Training parameters:
-b, --batch-size BATCH_SIZE  batch size                               (default =  128)
-d, --device DEVICE          train using given device (cpu|cuda|auto) (default = auto)
-e, --epochs EPOCHS          number of epochs to train with           (default =   10)

Examples

Use first half of <data.csv> to train Tiresias and use second half of <data.csv> to predict and test the prediction.

python3 -m tiresias train   --csv <data_train.csv> --save tiresias.save # Training
python3 -m tiresias predict --csv <data_test.csv>  --load tiresias.save # Predicting

Code

To use Tiresias into your own project, you can use it as a standalone module. Here we show some simple examples on how to use the Tiresias package in your own python code. For a complete documentation we refer to the Reference guide.

Import

To import components from Tiresias simply use the following format

from tiresias          import <Object>
from tiresias.<module> import <Object>

For example, the following code imports the Tiresias neural network as found in the Reference.

# Imports
from tiresias import Tiresias

Working example

In this example, we load data from either a .csv or .txt file and use that data to train and predict with Tiresias.

# import Tiresias and Preprocessor
from tiresias              import Tiresias
from tiresias.preprocessor import Preprocessor

##############################################################################
#                                 Load data                                  #
##############################################################################

# Create preprocessor for loading data
preprocessor = Preprocessor(
    length  = 20,           # Extract sequences of 20 items
    timeout = float('inf'), # Do not include a maximum allowed time between events
)

# Load data from csv file
X, y, label, mapping = preprocessor.csv("<path/to/file.csv>")
# Load data from txt file
X, y, label, mapping = preprocessor.txt("<path/to/file.txt>")

##############################################################################
#                                  Tiresias                                  #
##############################################################################

# Create Tiresias object
tiresias = Tiresias(
    input_size  = 300, # Number of different events to expect
    hidden_size = 128, # Hidden dimension, we suggest 128
    output_size = 300, # Number of different events to expect
    k           = 4,   # Number of parallel LSTMs for ArrayLSTM
)

# Optionally cast data and Tiresias to cuda, if available
tiresias = tiresias.to("cuda")
X        = X       .to("cuda")
y        = y       .to("cuda")

# Train tiresias
tiresias.fit(
    X          = X,
    y          = y,
    epochs     = 10,
    batch_size = 128,
)

# Predict using tiresias
y_pred, confidence = tiresias.predict_online(
    X = X,
    y = y,
    k = 3,
)

Modifying Tiresias

Tiresias itself works with an LSTM as implemented by ArrayLSTM from the array-lstm package. Suppose that we want to use a regular LSTM instead, we can simply create a new class that extends Tiresias and overwrite the __init__ method to replace the ArrayLSTM with a regular LSTM.

# Imports
import torch.nn as nn
from tiresias import Tiresias

# Create a new class of Tiresias to overwrite the original
class TiresiasLSTM(Tiresias):

  # We overwrite the __init__ method
  def __init__(self, input_size, hidden_size, output_size, k):
        # Initialise super
        super().__init__(input_size, hidden_size, output_size, k)

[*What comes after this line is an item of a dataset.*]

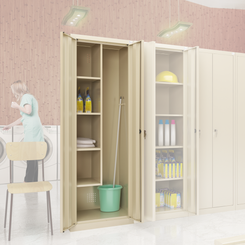 Uzamykateľná skriňa s dvoma kľúčmi, vhodná na čistiace potreby. Dispozičné riešenie skrine navrhnuté pre skladovanie čistiacich prostriedkov, kýbla, mopu, metly a podobne.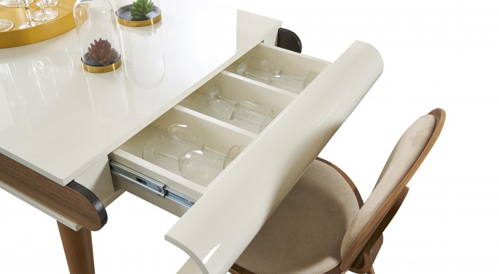 Masa FonksiyonuMasa tablası açılabilir özelliktedir. Bir kenarından açılır olup masa ölçüsü büyümekte diğer kenarında çekmeçe içinde kaşıklık mevcuttur.

        # Replace the lstm layer with a regular LSTM
        self.lstm = nn.LSTM(input_size, hidden_size, batch_first=True)

Reference

This is the reference documentation for the classes and methods objects provided by the Tiresias module.

Preprocessor

The Preprocessor class provides methods to automatically extract event sequences from various common data formats. To start sequencing, first create the Preprocessor object.

class preprocessor.Preprocessor(length, timeout, NO_EVENT=- 1337)[source]

Preprocessor for loading data from standard data formats.

Preprocessor.__init__(length, timeout, NO_EVENT=- 1337)[source]

Preprocessor for loading data from standard data formats.

Parameters
  • length (int) – Number of events in context.

  • timeout (float) – Maximum time between context event and the actual event in seconds.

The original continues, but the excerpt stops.